----- RECORDS SUPPLIED
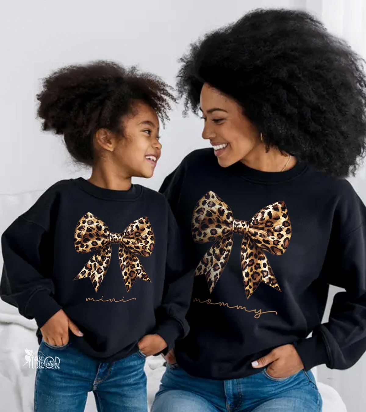 Cheetah Coquette Bow Sweatshirt - Cheetah Print Matching Mommy and Mini Me Outfit
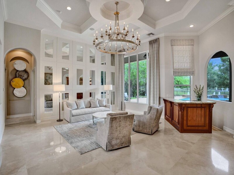 IMMACULATE home located in the prestigious, gated Blackhawk Reserve community, home to just 42 estates. This custom single-story residence, sits on a premium corner builder’s acre, boasts a voluminous tri-split open floor plan with 4 en-suite bedrooms, a dedicated office, & a lavish theater room (5th bedroom). Impeccable finishes include marble floors, impact windows & doors, chef’s kitchen with gas range, 42” refrigerator, granite countertops, Crestron automation & wired for whole house generator. Outdoors is a true oasis, featuring a pool & spa, summer kitchen, Viking grill, fire pit, lush landscaping, & lake views. Also included, motorized shades, Sonos system, dual driveways, 3-car garage, & a grand entry with a fountain. Residents enjoy private community tennis & pickleball courts.
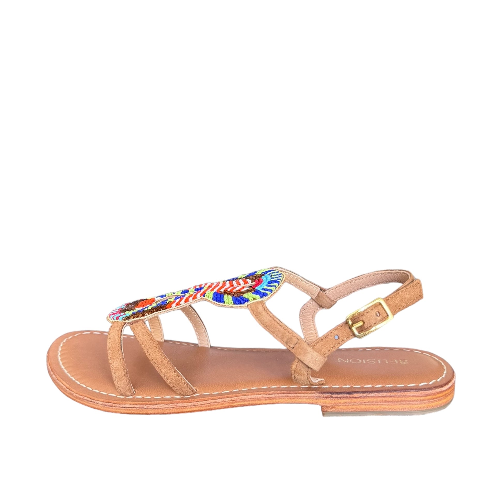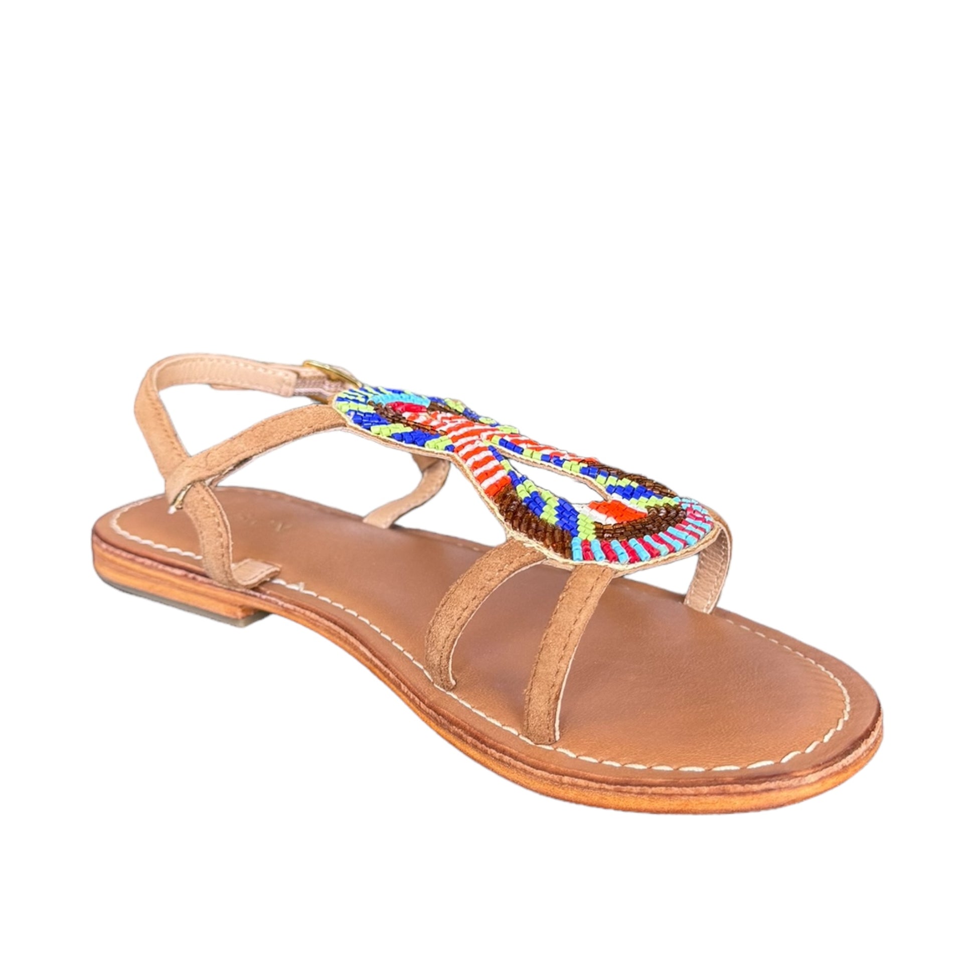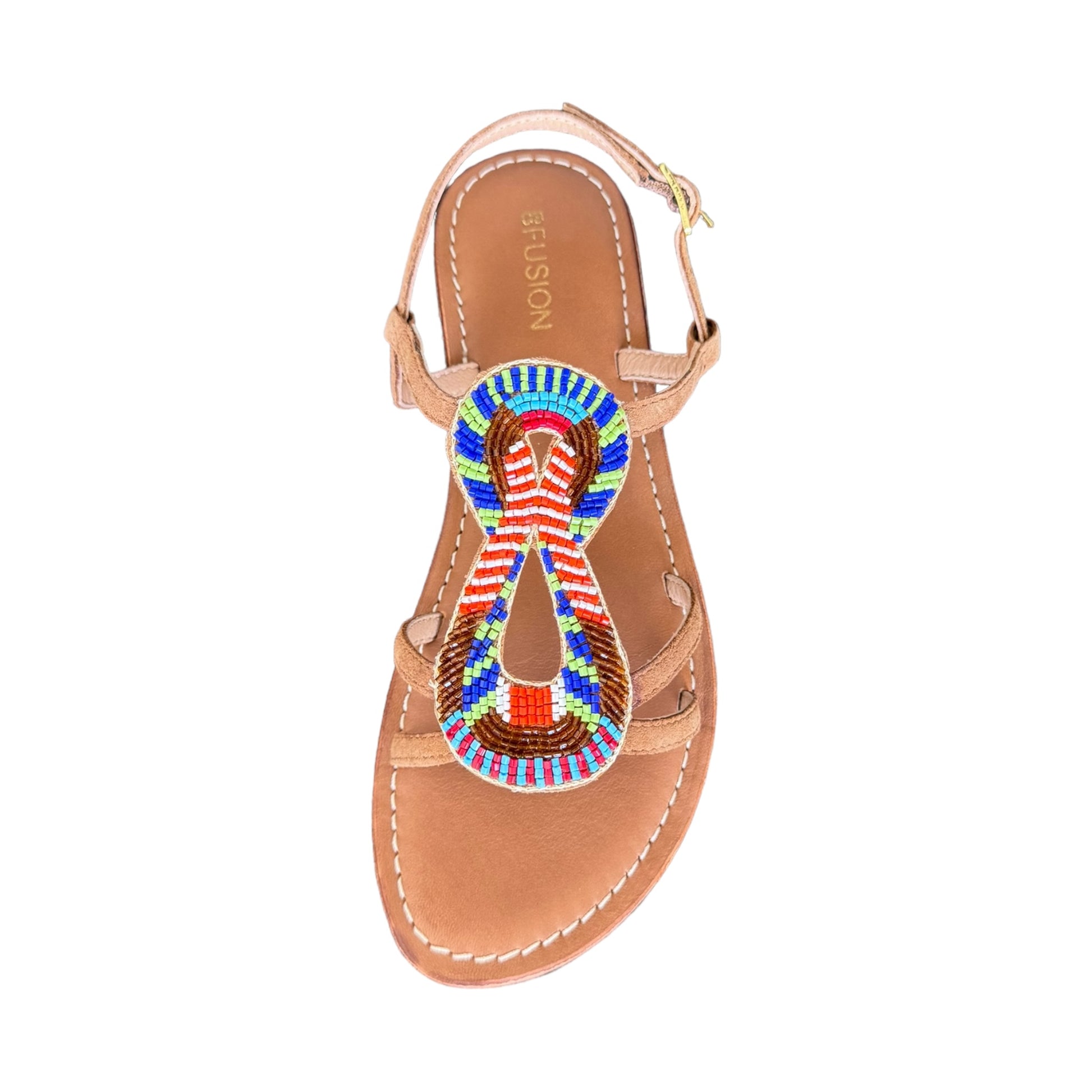 Sandalo basso con cinturini intrecciati e perline Multicolor
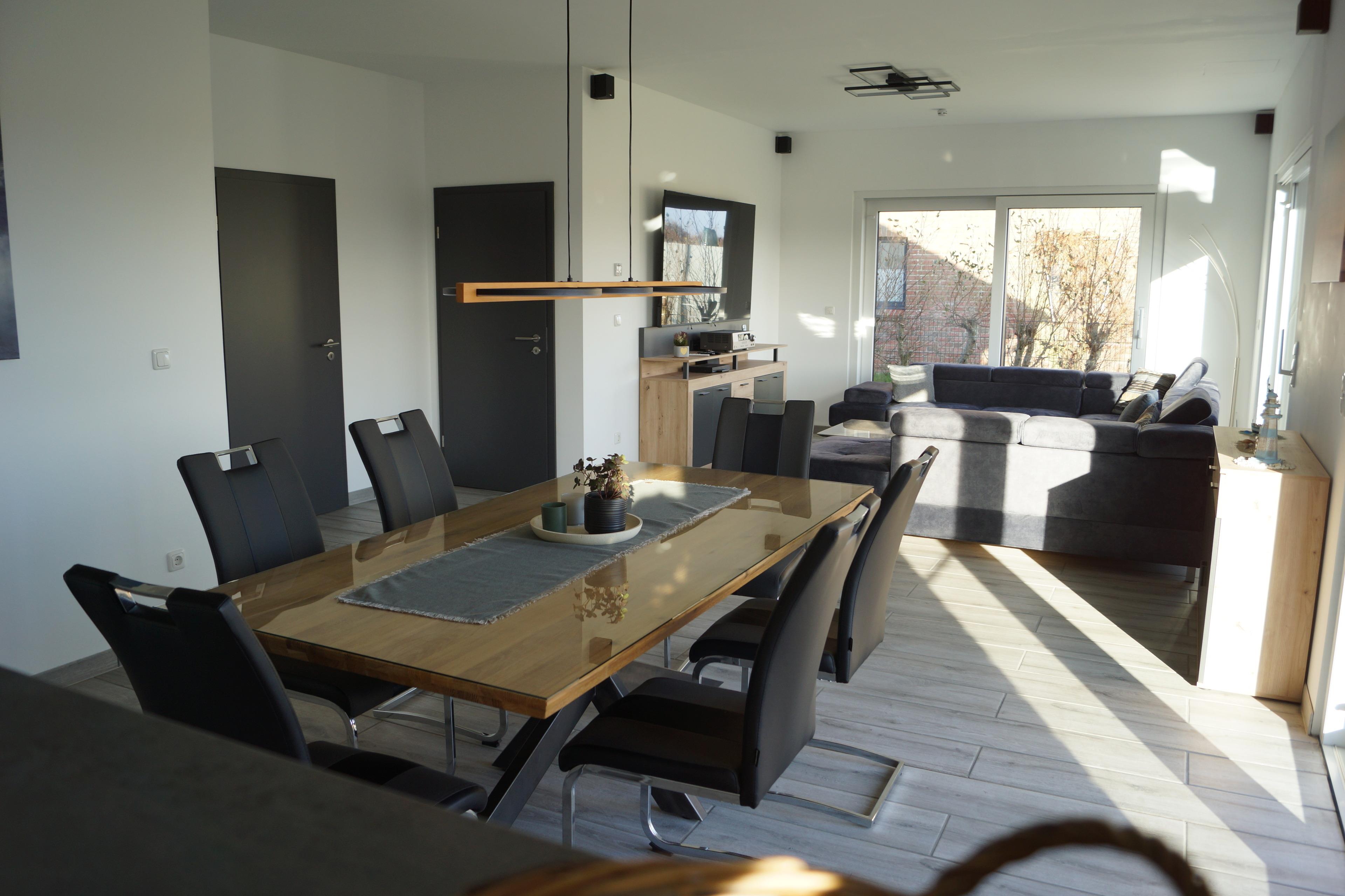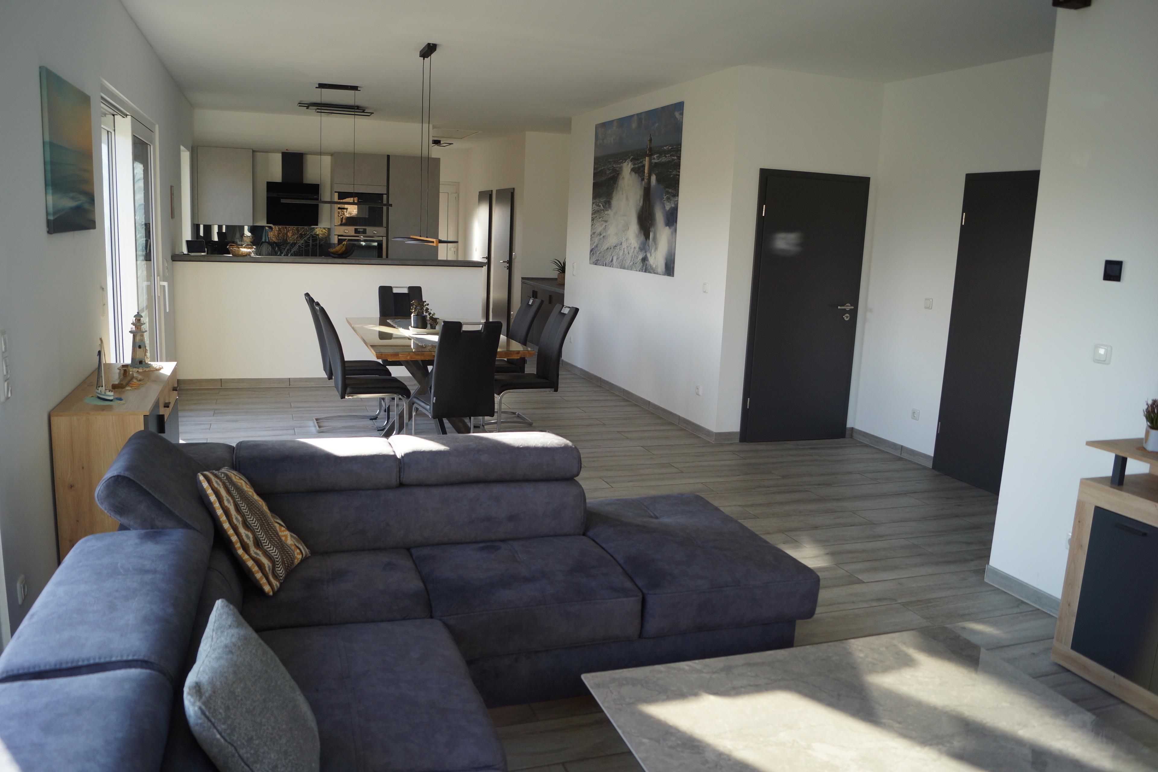 Das komfortable, ebenerdige Ferienhaus wird erstmals zum Saisonbeginn 2026 vermietet und lädt bei sommerlichem Wetter in den 600m² großen, vollständig eingezäunten Garten mit 40m² Holzterrasse ein. Auch bei "nordischem" Wetter bietet das Haus beste Bedingungen für erholsame Urlaubstage. In der großzügigen Sauna oder im beheizten Whirlpool kann man sich nach einem Spaziergang schnell wieder auf den gemütlichen Abend vorbereiten. Die Heimkinoanlage mit 75"-4K-Smart-TV, Blue-Ray Disk-Player und 5.1 Dolby-Surround-System sorgen für angenehme Unterhaltung.
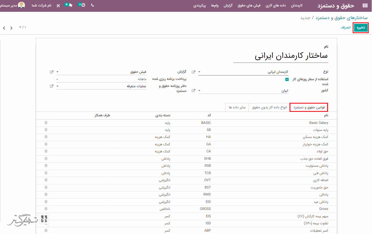 در تب قوانین حقوق و دستمزد ، قوانینی مانند پایه سنوات،کمک هزینه مسکن و موارد دیگر را برای کارمند اضافه نمایید سپس بر روی دکمه "ذخیره" کلیک کنید:
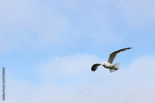 © sommart, Obraz premium Flying seagull in the blue sky.
----------
## ABOUT THIS EXERCISE
Drop the pictures, then write out only the lines running from the one containing "Das komfortable, ebenerdige" through the last line above, both included, exactly.

## OUTPUT
 Das komfortable, ebenerdige Ferienhaus wird erstmals zum Saisonbeginn 2026 vermietet und lädt bei sommerlichem Wetter in den 600m² großen, vollständig eingezäunten Garten mit 40m² Holzterrasse ein. Auch bei "nordischem" Wetter bietet das Haus beste Bedingungen für erholsame Urlaubstage. In der großzügigen Sauna oder im beheizten Whirlpool kann man sich nach einem Spaziergang schnell wieder auf den gemütlichen Abend vorbereiten. Die Heimkinoanlage mit 75"-4K-Smart-TV, Blue-Ray Disk-Player und 5.1 Dolby-Surround-System sorgen für angenehme Unterhaltung.
 در تب قوانین حقوق و دستمزد ، قوانینی مانند پایه سنوات،کمک هزینه مسکن و موارد دیگر را برای کارمند اضافه نمایید سپس بر روی دکمه "ذخیره" کلیک کنید:
 © sommart, Obraz premium Flying seagull in the blue sky.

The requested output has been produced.